• [Material provided]
--------------------------------

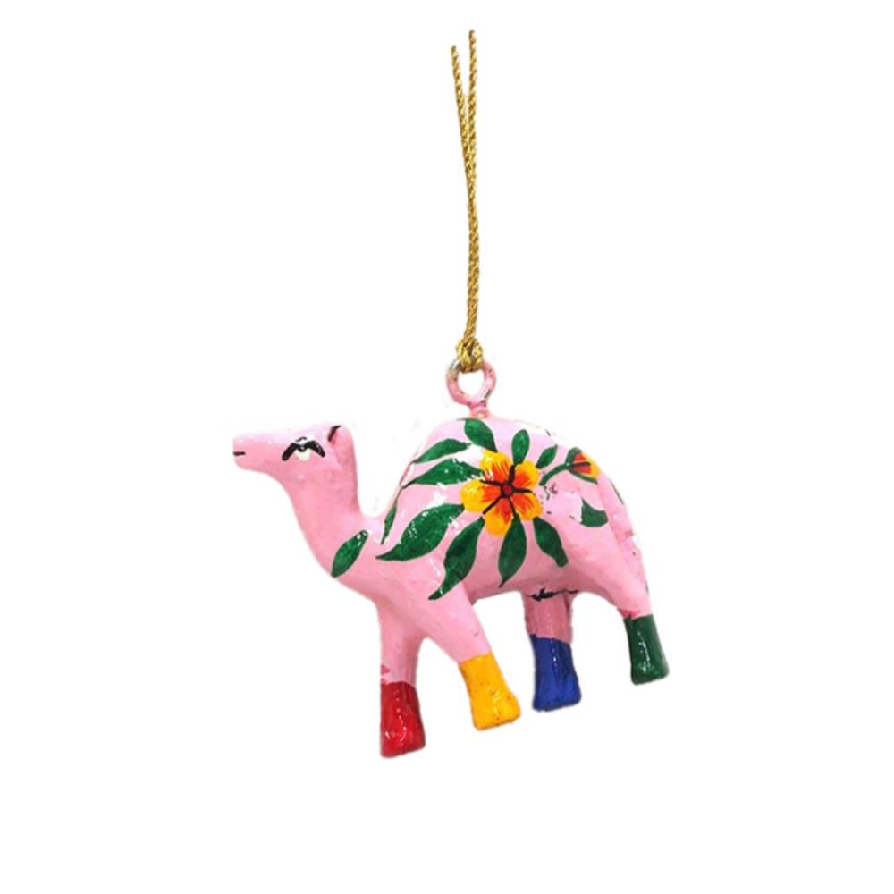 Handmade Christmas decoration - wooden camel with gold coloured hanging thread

--------------------------------

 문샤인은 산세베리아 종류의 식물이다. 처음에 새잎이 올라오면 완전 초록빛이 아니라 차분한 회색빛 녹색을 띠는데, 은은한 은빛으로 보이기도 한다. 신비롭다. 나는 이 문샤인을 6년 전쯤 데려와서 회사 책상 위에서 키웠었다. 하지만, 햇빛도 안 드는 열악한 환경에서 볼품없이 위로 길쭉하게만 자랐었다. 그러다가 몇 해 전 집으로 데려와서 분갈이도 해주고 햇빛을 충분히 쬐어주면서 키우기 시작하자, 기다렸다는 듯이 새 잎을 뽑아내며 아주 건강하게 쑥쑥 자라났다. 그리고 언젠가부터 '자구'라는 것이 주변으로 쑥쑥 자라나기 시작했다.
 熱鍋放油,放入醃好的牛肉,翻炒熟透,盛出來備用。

--------------------------------

• [Exercise] Where the line holding "문샤인은 산세베리아 종류의" appears in the listing above, start reproducing exactly, and end with the line holding "熱鍋放油,放入醃好的牛肉,翻炒熟透,盛出來備用。".

• [Written answer]
 문샤인은 산세베리아 종류의 식물이다. 처음에 새잎이 올라오면 완전 초록빛이 아니라 차분한 회색빛 녹색을 띠는데, 은은한 은빛으로 보이기도 한다. 신비롭다. 나는 이 문샤인을 6년 전쯤 데려와서 회사 책상 위에서 키웠었다. 하지만, 햇빛도 안 드는 열악한 환경에서 볼품없이 위로 길쭉하게만 자랐었다. 그러다가 몇 해 전 집으로 데려와서 분갈이도 해주고 햇빛을 충분히 쬐어주면서 키우기 시작하자, 기다렸다는 듯이 새 잎을 뽑아내며 아주 건강하게 쑥쑥 자라났다. 그리고 언젠가부터 '자구'라는 것이 주변으로 쑥쑥 자라나기 시작했다.
 熱鍋放油,放入醃好的牛肉,翻炒熟透,盛出來備用。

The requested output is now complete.